- Motto: All my hope is in God

Profile
- District: Aberdeenshire
- Clan Udny no longer has a chief, and is an armigerous clan
- Historic seat: Udny Castle or Knockhall Castle
- Last Chief: The Udny of Udny

= Clan Udny =

Scottish clan

Clan Udny is a Scottish armigerous clan from Aberdeenshire, Scotland.

Arms for Udny of the Ilk have been recorded on three occasions in the Lyon Register; 1672–7, 1748–51 and 1789.

The family Udny of Udny possessed the barony of Udny in Aberdeenshire for several generations prior to 1875. Udny Castle was probably initially constructed by the Udny family in the 14th or 15th century.

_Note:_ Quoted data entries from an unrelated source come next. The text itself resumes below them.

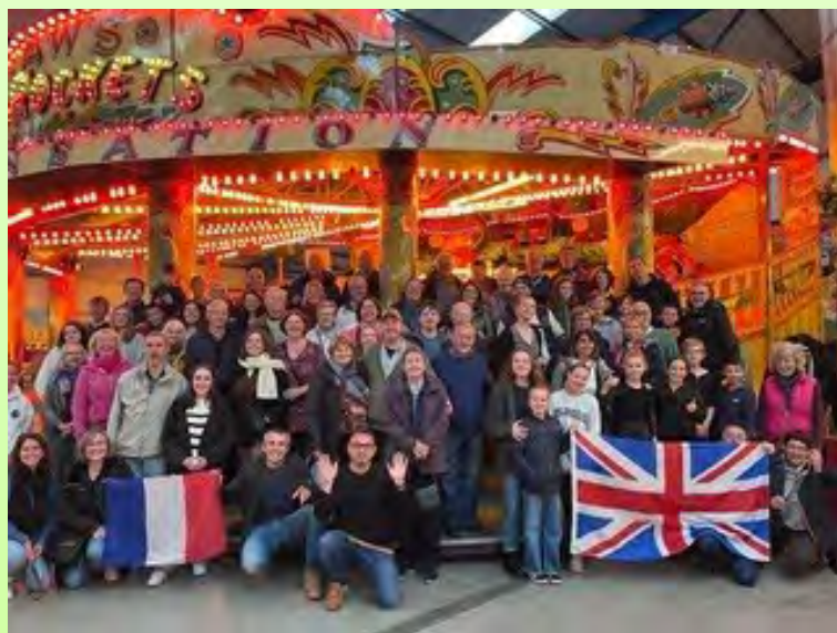
Pictured above: Smiles all round at Dingles Heritage Fairground

To find out more about KOTA, new members are welcome to make contact by Facebook (Search 'KOTA Kingsteignton Twinning')
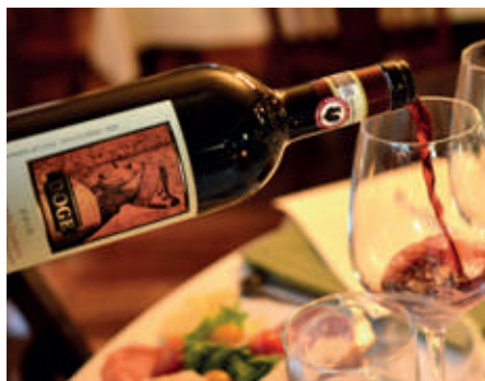
Taste the most renowned Tuscan wines
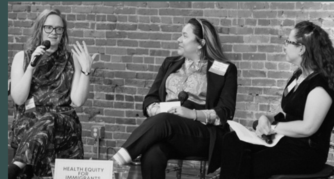
Health equity for immigrants panel conversation, EOI Changemakers Remixed 2022

EOI successfully advocated for several policies aimed to control consumer costs, improve access to health care, and protect health care workers, including:
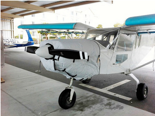
Zenith 801 Insulated Engine Cover

This cover type is made from Silver Acrylic Sunbrella canvas and is 100% lined with a soft and smooth microfiber. Bruce's Custom Covers developed this material combination especially for aircraft protection. The outer material is medium weight and treated for water resistance, UV resistance and anti-static buildup. The inner lining is a very soft and smooth microfiber to prevent scratching. The material is very reflective, and tests show that the cabin interior temperature can be reduced to near-ambient temperature on the hottest of days. It is water, ice and snow repellent, yet breathable to allow moisture to escape from between the cover and the aircraft surface.
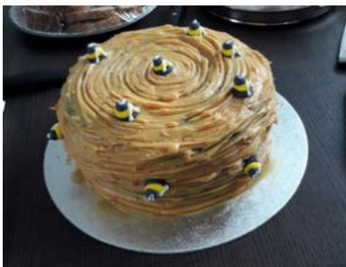
Let there bee cake

better than traps which kill insects, as once identified, the hornet can be released by a team of bee-inspectors and enable them to find the nest. So rather than killing one or two insects, the whole nest can be destroyed.
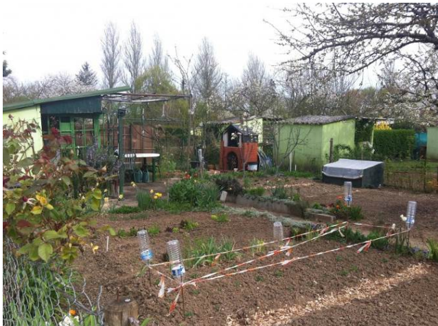
Photo 10. Indices that allotment gardens are also a place to eat: table and barbecue
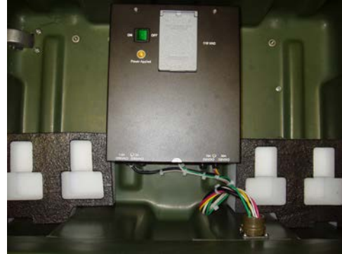
Customizable Electronics for Many Voltage or Current Requirements.
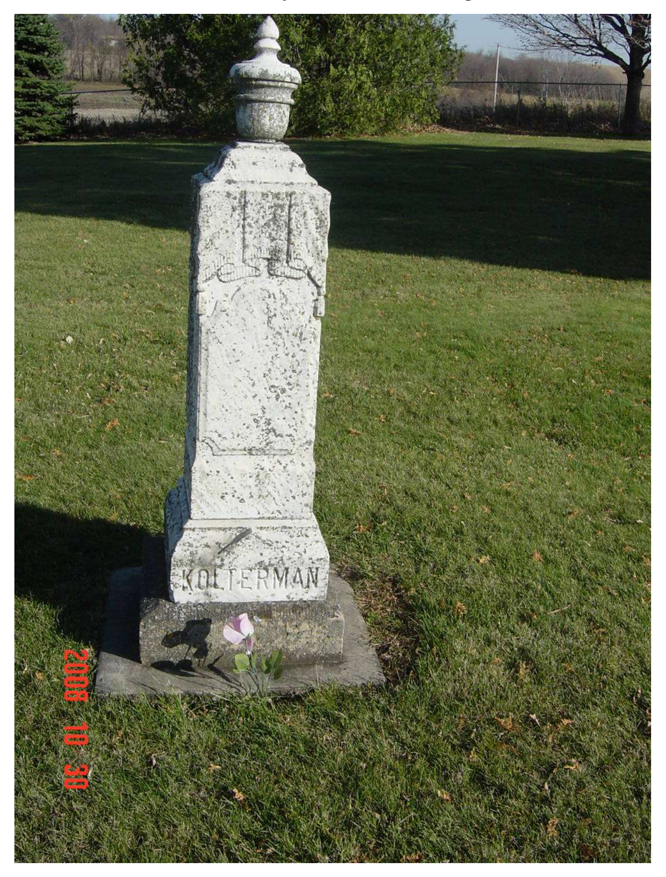
KOLTERMAN FAMILY MARKER
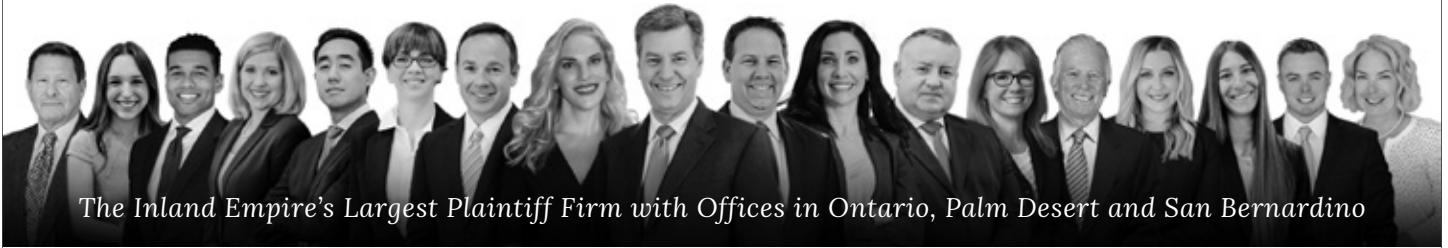
The Inland Empire's Largest Plaintiff Firm with Offices in Ontario, Palm Desert and San Bernardino

McCUNE · WRIGHT · AREVALO ATTORNEYS AT LAW
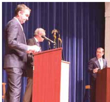
Lieutenant Governor Ralph Northam and former U.S. Rep. Tom Perriello (D-5) debate in Fairfax County.

The name has been spelled sometimes as Widney and Uldney. Scottish folk singer Jock Duncan said about the pronunciation of Udny, when commenting on his song about the Aberdeenshire town of Udny on his CD Ye Shine Whar Ye Stan!: "I’ve heard many versions o it – an tunes an aa, fen I wis young. Widney wis the pronunciation. Never naebody heard o Udny: 'It’s Widney boy – are ye gaun doun tae Widney the nicht?’"

== Members ==

Ordered by date of birth.

- Robert Fullarton Udny (1725–1802), merchant, art collector and Fellow of the Royal Society. Brother of John.
- John Udny (1727–1800), diplomat who served as British Consul at Venice and Livorno. Brother of Robert.